Question

Devin has a collection of 40 model vehicles which consists of 25 different cars and 15 different trucks. He selects 8 to display on the shelf in his room. How many different ways can he select 3 cars and 5 trucks?

Answer 1

The number of ways to select 3 cars and 5 trucks is 69,06,900.

Explanation:

In mathematics, the procedure to select k items from n distinct items, without replacement, is known as combinations.
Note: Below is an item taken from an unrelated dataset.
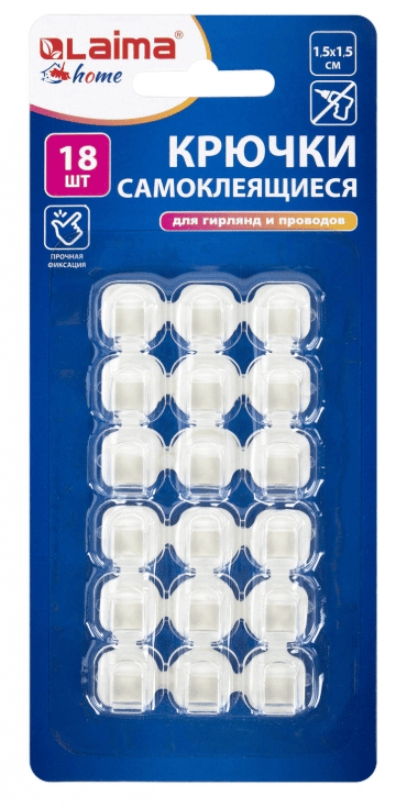 Крючки самоклеящиеся для гирлянд и проводов 1,5х1,5см, КОМПЛЕКТ 18 шт., LAIMA Home, 608795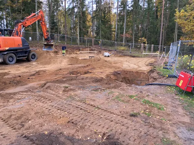 Dialogen med föreningen kring den nya byggnaden började för cirka fyra år sedan och själva produktionsarbetet på plats startade i september i år. Det första steget var att riva den befintliga byggnaden från 60-talet och fälla kringliggande träd. Nästa steg är att påbörja markarbetet. Linus Leino, projektledare på HZ bygg, räknar med att skalet kommer att vara färdigt vid årsskiftet. Men byggtiden är kort; redan i juni 2026 drar föreningens sommarverksamhet i gång och då ska byggnaden stå helt klar.

The formula to compute the combinations of k items from n is given by the formula:

`{n\choose k}=(n!)/(k!(n-k)!)`

It is provided that:

Number of different cars, n (C) = 25.

Number of different trucks, n (T) = 15.

Devin selects 8 vehicles to display on the shelf in his room.

Compute the number of ways in which he can select 3 cars from 25 different cars as follows:

`{25\choose 3}=(25!)/(3!(25-3)!)=(25*24*23*22!)/(3!*22!)=2300`

There are 2300 ways to select 3 cars.

Compute the number of ways in which he can select 5 trucks from 25 different trucks as follows:

`{15\choose 5}=(15!)/(5!(15-5)!)=(15*14*13*12* 11*10!)/(5!*10!)=3003`

There are 3003 ways to select 5 trucks.

Compute the total number of ways to select 3 cars and 5 trucks as follows:

n (3 cars and 5 trucks) = n (3 cars) × n (5 trucks)

`={25\choose 3}* {15\choose 5}\\=2300* 3003\\=6906900`

Thus, the total number of ways to select 3 cars and 5 trucks is 69,06,900.